GA4GH Reference Implementation

A reference implementation of the APIs defined in the schemas repository.

Initial skeleton overview

This is a proposed skeleton layout for the GA4GH reference client and server applications. As such, nothing is finalised and all aspects of the design and implementation are open for discussion and debate. The overall goals of the project are:

Simplicity/clarity: The main goal of this implementation is to provide an easy to understand and maintain implementation of the GA4GH API. Design choices are driven by the goal of making the code as easy to understand as possible, with performance being of secondary importance. With that being said, it should be possible to provide a functional implementation that is useful in many cases where the extremes of scale are not important.
Portability: The code is written in Python for maximum portability, and it should be possible to run on any modern computer/operating system (Windows compatibility should be possible, although this has not been tested). We use a subset of Python 3 which is backwards compatible with Python 2 following the current best practices. In this way, we fully support both Python 2 and 3.
Ease of use: The code follows the Python Packaging User Guide. This will make installing the ga4gh reference code very easy across a range of operating systems.

Currently, the project includes a minimal working version of the variants/search method using simulated and VCF data, and simple client and server applications to exercise this API.

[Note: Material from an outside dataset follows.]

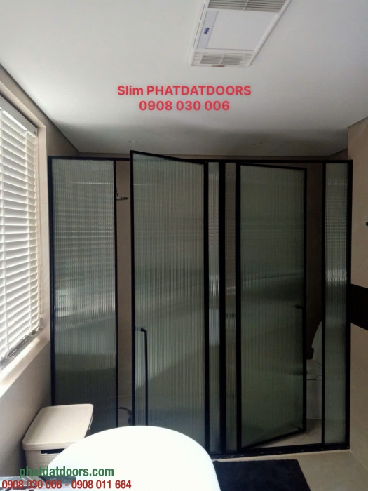 Khung nhôm Slim siêu mảnh kết hợp kính mờ sọc mang đến vẻ đẹp tối giản, hiện đại mà vẫn giữ được độ riêng tư cần thiết.

Serving variants from a VCF file

An implementation of the variants API is available that can serve data based on existing VCF files. This backend is based on wormtable, which is a Python library to handle large scale tabular data. See Wormtable backend for instructions on serving VCF data from the GA4GH API.

Simulating Variants

To provide a working outline of the project as quickly as possible, we took the approach of serving simulated data from the variants/search method. We currently use a very naive and simplistic model for generating variants, in which SNPs are distributed over all query regions uniformly at a fixed density. The model is simplistic, but it is consistent: regardless of the context, any query that intersects with a given position will always return precisely the same variant. Thus, from a client's perspective, it would appear that the server is returning (not very plausible) variants drawn from an infinitely large file.

Only SNPs are returned presently, but more complex variants could also be added. For example, large indels could be included by generating a list of variants with the required properties when the server starts. We then build a lookup table of the extremities of these regions. When we are generating a variant for a particular site, we first search to see if it intersects with any of the generated indels; if it does, we return the indel. If not, we generate a SNP as before. This can be implemented quite efficiently if the number of large variants is reasonably small and they don't overlap.

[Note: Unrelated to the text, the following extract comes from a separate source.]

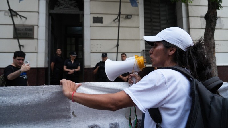 Vanesa y Desire, al frente de la columna de unas cien personas, doblan en calle Paraguay y frenan en la puerta de la comisaría segunda. Hay tres agentes parados en la puerta.

The implementation will certainly need to serve from existing data files, but there are distinct advantages in also being able to simulate data:

We can simulate arbitrarily large datasets without worrying about memory usage and needing to deal with difficult problems of scale. This is useful for the initial development of the protocol, allowing us to (for example) quickly benchmark protocol throughput. This would also be a useful tool for developers writing client code in the longer term.
Devising a reasonable model for simulating data forces us to be explicit about the assumptions we make about the underlying data. If we just work on translating data from existing formats, there is the danger that we inherit their assumptions.
Working exclusively from existing data files also biases the development towards the types of data that are currently easily available. To consider the full implications of choices made in the protocol design, we should be able to serve data under a wide variety of assumptions (e.g. different ploidy levels, etc.).
The availability of a good source of random data is essential for large scale testing.

Generating variants randomly in a consistent manner is relatively straightforward; however, implementing the reads API in a similar fashion would be much more difficult. Thus, while the arguments above in favour of implementing a simulated backend for reads still hold, they may not be sufficiently strong to justify the effort required.

Trying it out

The project is designed to be published as a PyPI package, so ultimately installing the reference client and server programs should be as easy as:

$ pip install ga4gh

However, the code is currently only a proposal, so it has not been uploaded to the Python package index. The best way to try out the code right now is to use virtualenv. After cloning the git repo, and changing to the project directory, do the following:

$ virtualenv testenv
$ source testenv/bin/activate
$ python setup.py install

This should install the ga4gh_server and ga4gh_client scripts into the virtualenv and update your PATH so that they are available. When you have finished trying out the programs you can leave the virtualenv using:

$ deactivate

The virtualenv can be restarted at any time, and can also be deleted when you no longer need it.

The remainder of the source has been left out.